— EXERCISE REQUIREMENTS —
Starting with the opening line of the entries below, transcribe each line exactly up to and including the one that has "Ножницы с красной"; pictures are not copied.

— PROVIDED DATA —

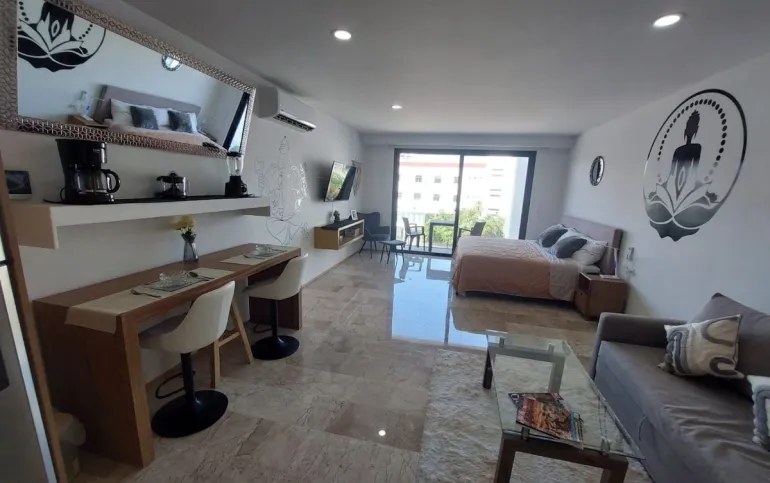 53 mts 4to piso, elevador, gym, camastros de masaje, jacuzzi, coworking, alberca infinity, estacionamiento común, Seguridad 24 hrs.
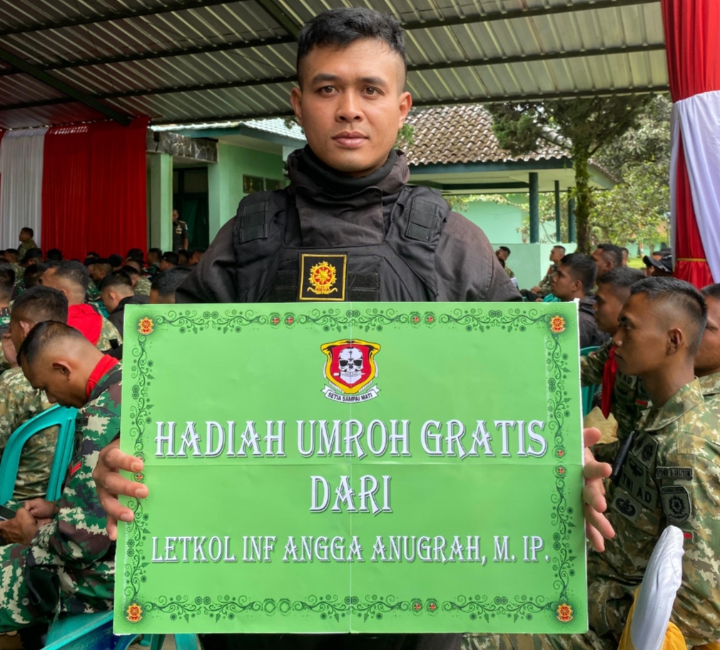 “Saya berpesan siapapun Danyonnya tetap dukung dengan loyalitas dan dedikasi yang tinggi serta meyakini bahwa batalyon ini bisa memiliki kemampuan lebih. Setiap manusia ada kelebihan dan ada kekurangan, untuk itu saya mohon maaf bila selama saya memimpin ada kekurangan dan kesalahan. Saat ini juga saya akan menyerahkan paket umroh kepada prajurit terbaik yakni Praka Imam Sudrajad, semoga berkah,” tutup Letkol. Inf Angga.
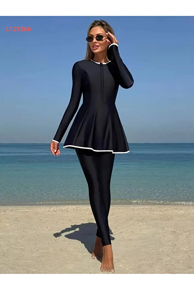 مايوه تسبيح قطر واسط مع طاقية - أسود أبيض بتفاصيل حواف
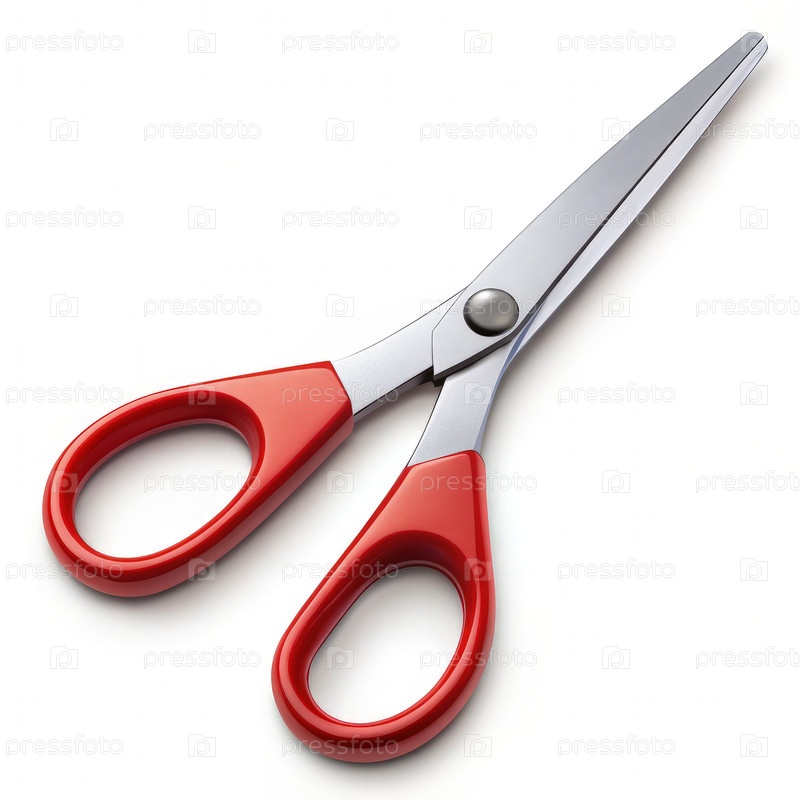 Ножницы с красной ручкой, изолированные на белом фоне
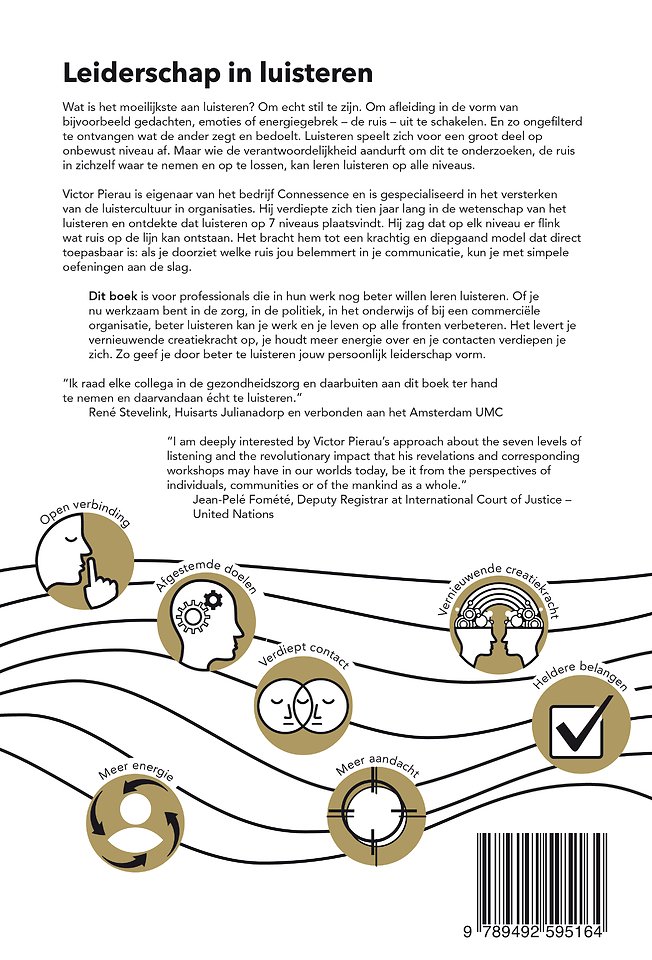 Victor Pierau verdiepte zich tien jaar lang in de wetenschap van het luisteren en ontdekte dat luisteren op 7 niveaus plaatsvindt. Hij zag dat op elk niveau er flink wat ruis op de lijn kan ontstaan. Als je doorziet welke ruis jou belemmert in je communicatie, kun je met simpele oefeningen aan de slag.
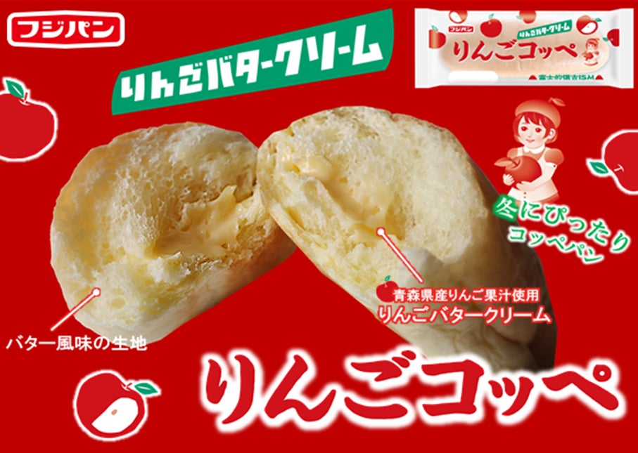 「りんごコッペ」のテーマはスイーツ感覚で食べられるコッペパン。スイーツを連想させるコッペパンにする為に、コッペパン生地はふんわりとした食感にこだわり、さらにバター風味に焼き上げました。りんごバタークリームには、青森県産りんご果汁を使用し、りんごの味わいにもこだわりました。
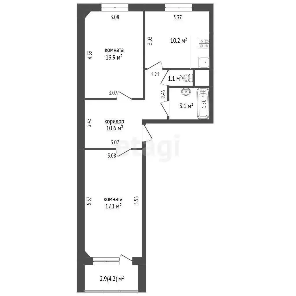 Кухня -10,2 м.кв, гостиная – 17,9 м.кв., изолированная комната – 13,9 м.кв., ванна – 3,1 м.кв., туалет – 1,1 м.кв., прихожая – 10,6 м.кв. с большим встроенным шкафом.
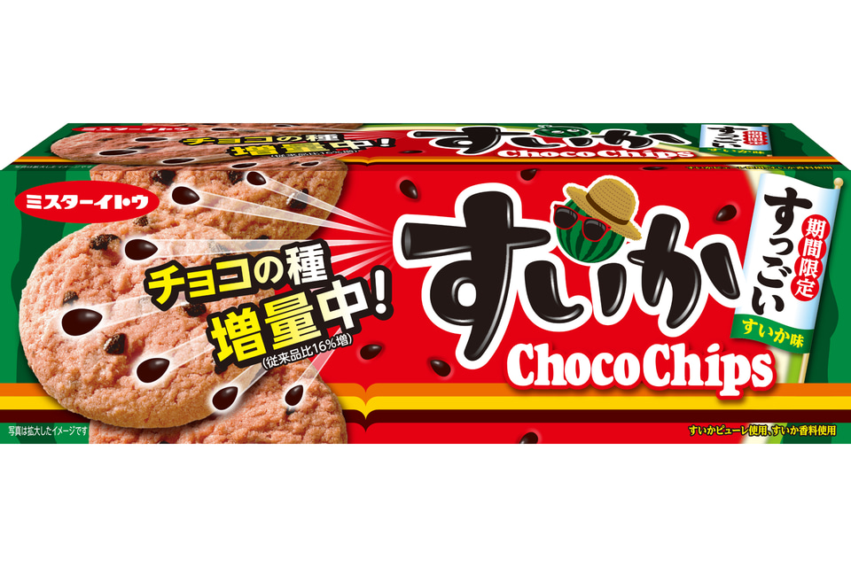イトウ製菓「すいかチョコチップクッキー」、今年はチョコ16%増量で登場
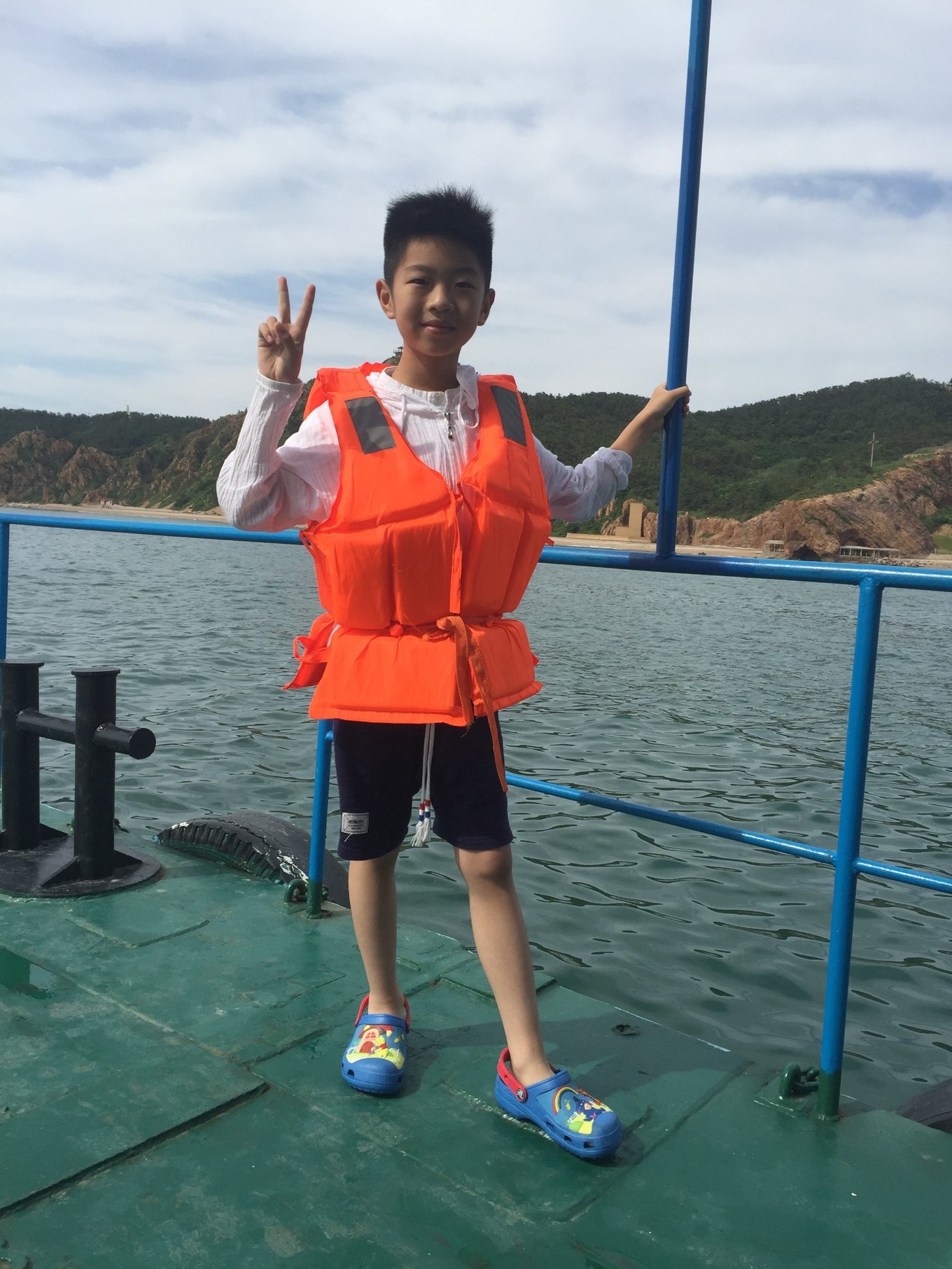 主要活動是坐快艇、看黃海渤海分界線、拔蟹籠,兒子很期待,1.2以下的孩子不能參加,1.2以上的就按成人收費(fèi)。
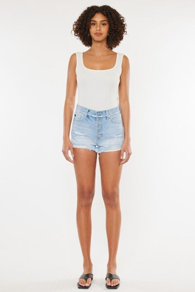Distressed Button Fly Denim Shorts are a trendy and versatile addition to your summer wardrobe. The distressed detailing adds a touch of edgy appeal to the shorts, giving them a cool and casual vibe. The button fly closure offers a stylish and unique detail that sets these shorts apart. These shorts can be easily dressed up with a blouse and sandals or dressed down with a graphic tee and sneakers. Perfect for a day out with friends or a casual weekend getaway. Overall, Distressed Button Fly Denim Shorts are a must-have piece for those who love to add a touch of trendiness to their summer outfits.
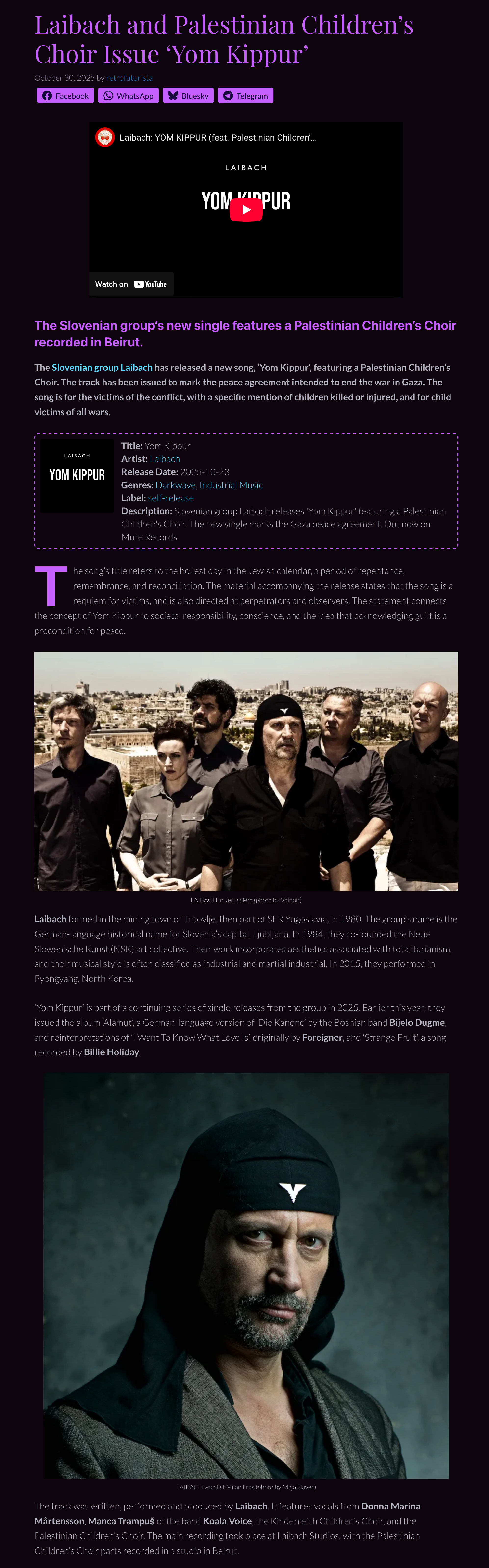 - Laibach issues ‘Yom Kippur’ single featuring Palestinian Children’s Choir via Nika / 23. 10. 2025
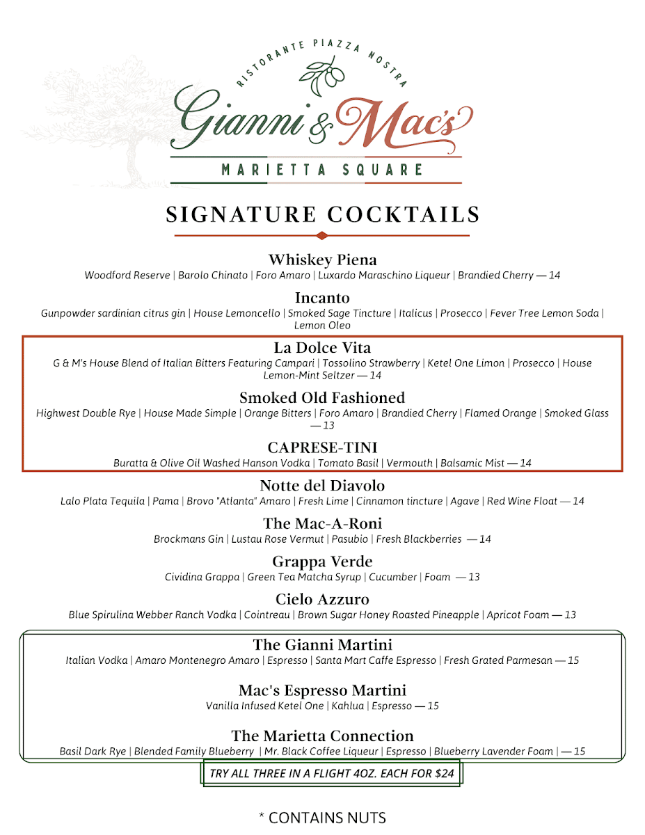 Overall, the menu at Gianni & Mac’s is designed to evoke a sense of familiarity and comfort, fitting seamlessly with the restaurant’s inviting décor and the casual yet refined dining experience it offers. Guests often find themselves drawn to the warm ambiance that complements the thoughtfully prepared food and drink choices.
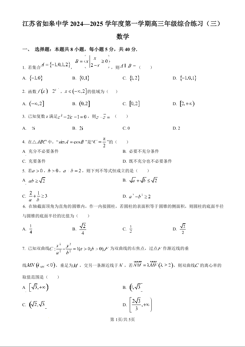 江苏省如皋中学20245届高三上学期综合练习(三)数学(原卷版)

— ANSWER FOR THE TASK —
 53 mts 4to piso, elevador, gym, camastros de masaje, jacuzzi, coworking, alberca infinity, estacionamiento común, Seguridad 24 hrs.
 “Saya berpesan siapapun Danyonnya tetap dukung dengan loyalitas dan dedikasi yang tinggi serta meyakini bahwa batalyon ini bisa memiliki kemampuan lebih. Setiap manusia ada kelebihan dan ada kekurangan, untuk itu saya mohon maaf bila selama saya memimpin ada kekurangan dan kesalahan. Saat ini juga saya akan menyerahkan paket umroh kepada prajurit terbaik yakni Praka Imam Sudrajad, semoga berkah,” tutup Letkol. Inf Angga.
 مايوه تسبيح قطر واسط مع طاقية - أسود أبيض بتفاصيل حواف
 Ножницы с красной ручкой, изолированные на белом фоне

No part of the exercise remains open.